WHAT TO WORK ON –
Write out everything in the records exactly, apart from the pictures.

= = = =

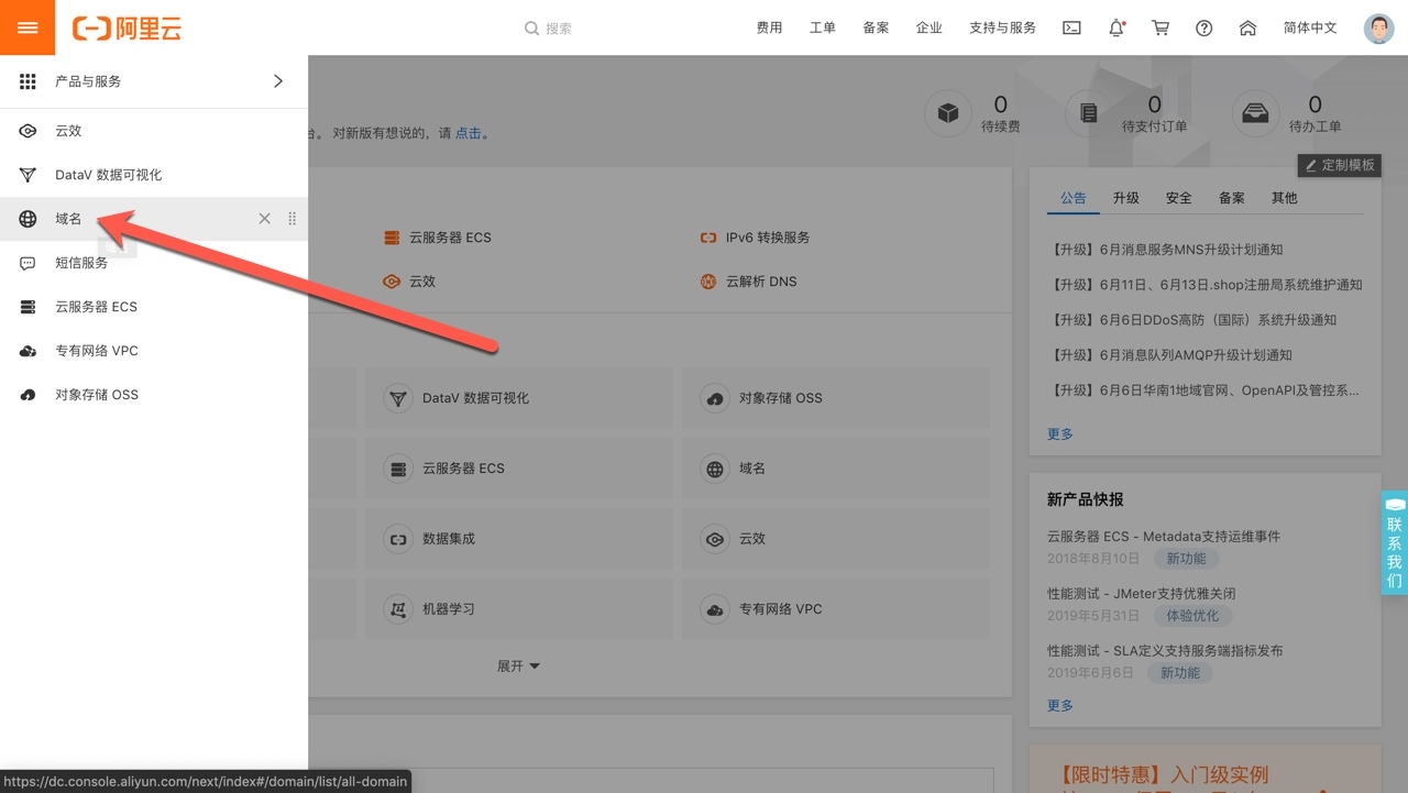在国内的所有网站都需要做域名备案,在阿里鱼的备案中心可以直接做备案。
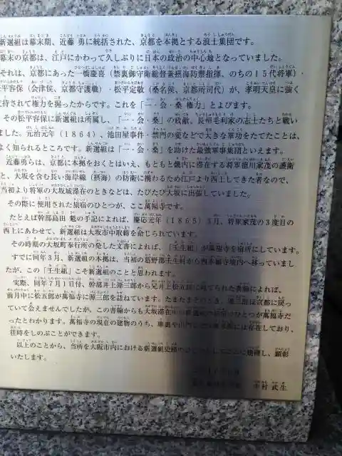 | ご由緒 | 大阪ミナミの繁華街より徒歩10分あまり、都会の真ん中にある萬福寺は、その立地から聖と俗の境目を示すかのように建っています。文禄3(1594)年に前田利家の弟にあたる前田次郎兵衛利信(僧開導)により開かれた萬福寺(まんぷくじ)の境内は花や樹木が豊かで、その風情は訪れた人の心に安らぎを与えます。都会の雑踏や喧騒とは一線を画したその静かな美しさは本堂の荘厳とは異なる趣で、しかし、確かに安寧の地を思わせます。目立たないが松尾芭蕉の句碑も建ち、ひっそりと山内を見守っています。また、幕末史を彩った新選組の旅宿(屯所)があった忠実もつとに有名です。長くこの街の移り変わりを眺めて来た萬福寺は、今日も落ち着いた佇まいでそこにあります。
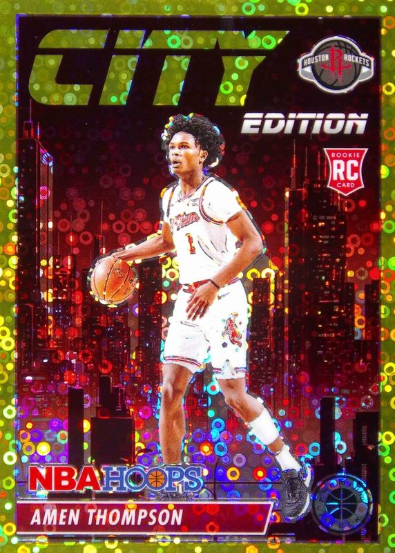 The Amen Thompson 2023 Hoops Premium Stock #14 City Edition - Gold Disco /10 Rookie card in Raw condition has not changed in price in the last 30 days and was last sold for $125.00 .
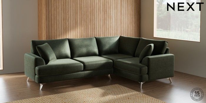 7.0.3 Buy Parker Medium Corner Sofa - Right Hand Luxe Chenille Mid Green High Metal - Chrome from the Next UK online shop Click here to use our accessible website
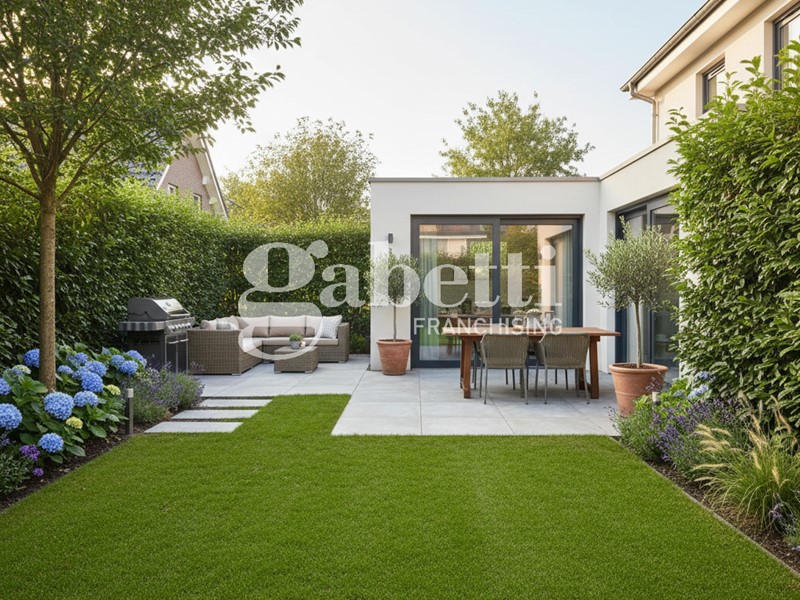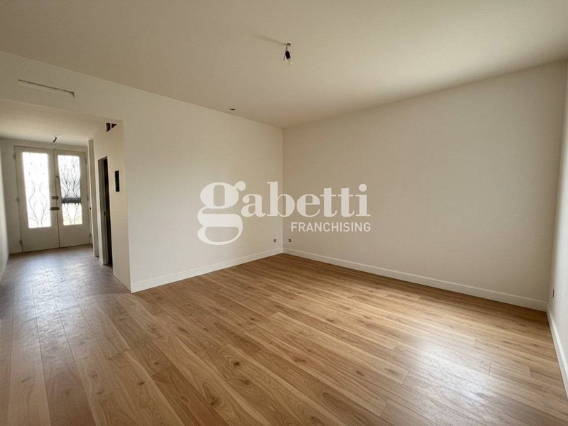 Trilocale con ingresso indipendente, due resede, giardino privato e taverna in villa bifamiliare.
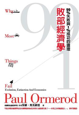 一本讓人不再氣餒的書! 為什麼商店會倒閉?為什麼買股票會賠錢?為什麼連百年歷史的金融機構都毀於一旦? 這是第一本解開人類失敗之謎的書,提出極具說服力、避免落入敗部的方法。 記住:不管你多麼厭惡失敗,失敗對人類其實有很大的好處。 真實的世界,是動態的變化的結果, 一次又一次的失敗,反而強化了整體人類的適應力,並且製造下一個贏家。 萬一,你身在敗部,別氣餒,也許下一刻你已經翻身。 被美國商業週刊(Businessweek)譽為「非正統自由經濟學家」的保羅‧奧莫羅德,所完成的這部《敗部經濟學》,是他繼《蝴蝶效應經濟學》之後,另一部重要的著作,告訴我們如何正確認識人類生活中「失敗的鐵律」,以及該怎麼做,才能避免失敗。 這是一本「吐槽經濟學」的書!全球各地的報紙都以顯著版面報導企業醜聞——以及大規模的崩盤——而投資人則有如熱鍋上的螞蟻,急於脫身。對這樣的災難,我們都頗感意外——然而,絕種是生命的宿命,而企業不論大小,失敗都將不斷地降臨在其身上。在英國,有一年就有一萬七千多家公司倒閉。但這是壞事嗎?如果是壞事,為什麼美國經濟如此龐大而又活力十足,每年卻還有百分之十以上的企業陣亡?暢銷書《經濟學之死》及《蝴蝶效應經濟學》的作者,對大多數人所忽略的事實,提出了開創性的看法:商業投資及公共政策大多數並不會成功。奧莫羅德引用生物學最新發展,協助我們了解失敗鐵律這項驚人事實。他還告訴我們,在這個只有一件事是肯定的世界裡,公司、企業和政府應該採取何種策略,才會有繁榮的機會。
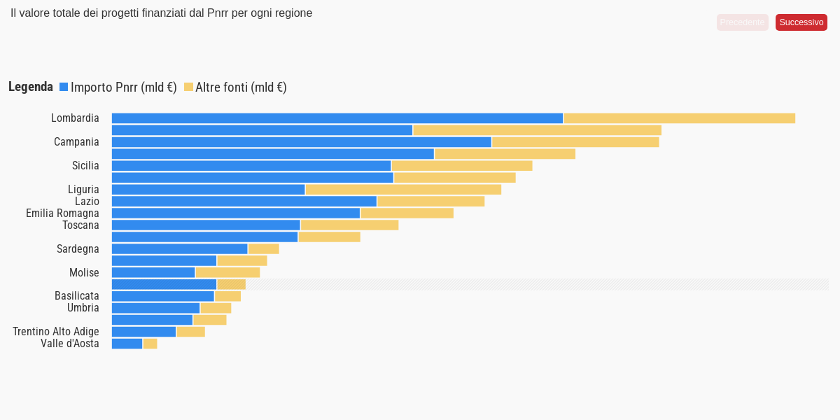 Nel primo grafico è rappresentato il valore totale dei progetti finanziati del tutto o in parte dal Pnrr in ogni regione. Nel secondo grafico è invece riportata la percentuale di copertura economica garantita dal Pnrr rispetto al costo totale dei progetti finanziati in ogni regione. Nel piano sono presenti progetti cosiddetti di “ambito nazionale”, in questo caso è impossibile una territorializzazione. Il valore totale di questo tipo di interventi ammonta a circa 10 miliardi di euro. Altri progetti invece interessano il territorio di più regioni. In questo caso, non essendo possibile una suddivisione puntuale degli importi è stato assegnato l’intero valore a tutte le regioni interessate.

= = = =

EXERCISE OUTPUT –
在国内的所有网站都需要做域名备案,在阿里鱼的备案中心可以直接做备案。
 | ご由緒 | 大阪ミナミの繁華街より徒歩10分あまり、都会の真ん中にある萬福寺は、その立地から聖と俗の境目を示すかのように建っています。文禄3(1594)年に前田利家の弟にあたる前田次郎兵衛利信(僧開導)により開かれた萬福寺(まんぷくじ)の境内は花や樹木が豊かで、その風情は訪れた人の心に安らぎを与えます。都会の雑踏や喧騒とは一線を画したその静かな美しさは本堂の荘厳とは異なる趣で、しかし、確かに安寧の地を思わせます。目立たないが松尾芭蕉の句碑も建ち、ひっそりと山内を見守っています。また、幕末史を彩った新選組の旅宿(屯所)があった忠実もつとに有名です。長くこの街の移り変わりを眺めて来た萬福寺は、今日も落ち着いた佇まいでそこにあります。
 The Amen Thompson 2023 Hoops Premium Stock #14 City Edition - Gold Disco /10 Rookie card in Raw condition has not changed in price in the last 30 days and was last sold for $125.00 .
 7.0.3 Buy Parker Medium Corner Sofa - Right Hand Luxe Chenille Mid Green High Metal - Chrome from the Next UK online shop Click here to use our accessible website
 Trilocale con ingresso indipendente, due resede, giardino privato e taverna in villa bifamiliare.
 一本讓人不再氣餒的書! 為什麼商店會倒閉?為什麼買股票會賠錢?為什麼連百年歷史的金融機構都毀於一旦? 這是第一本解開人類失敗之謎的書,提出極具說服力、避免落入敗部的方法。 記住:不管你多麼厭惡失敗,失敗對人類其實有很大的好處。 真實的世界,是動態的變化的結果, 一次又一次的失敗,反而強化了整體人類的適應力,並且製造下一個贏家。 萬一,你身在敗部,別氣餒,也許下一刻你已經翻身。 被美國商業週刊(Businessweek)譽為「非正統自由經濟學家」的保羅‧奧莫羅德,所完成的這部《敗部經濟學》,是他繼《蝴蝶效應經濟學》之後,另一部重要的著作,告訴我們如何正確認識人類生活中「失敗的鐵律」,以及該怎麼做,才能避免失敗。 這是一本「吐槽經濟學」的書!全球各地的報紙都以顯著版面報導企業醜聞——以及大規模的崩盤——而投資人則有如熱鍋上的螞蟻,急於脫身。對這樣的災難,我們都頗感意外——然而,絕種是生命的宿命,而企業不論大小,失敗都將不斷地降臨在其身上。在英國,有一年就有一萬七千多家公司倒閉。但這是壞事嗎?如果是壞事,為什麼美國經濟如此龐大而又活力十足,每年卻還有百分之十以上的企業陣亡?暢銷書《經濟學之死》及《蝴蝶效應經濟學》的作者,對大多數人所忽略的事實,提出了開創性的看法:商業投資及公共政策大多數並不會成功。奧莫羅德引用生物學最新發展,協助我們了解失敗鐵律這項驚人事實。他還告訴我們,在這個只有一件事是肯定的世界裡,公司、企業和政府應該採取何種策略,才會有繁榮的機會。
 Nel primo grafico è rappresentato il valore totale dei progetti finanziati del tutto o in parte dal Pnrr in ogni regione. Nel secondo grafico è invece riportata la percentuale di copertura economica garantita dal Pnrr rispetto al costo totale dei progetti finanziati in ogni regione. Nel piano sono presenti progetti cosiddetti di “ambito nazionale”, in questo caso è impossibile una territorializzazione. Il valore totale di questo tipo di interventi ammonta a circa 10 miliardi di euro. Altri progetti invece interessano il territorio di più regioni. In questo caso, non essendo possibile una suddivisione puntuale degli importi è stato assegnato l’intero valore a tutte le regioni interessate.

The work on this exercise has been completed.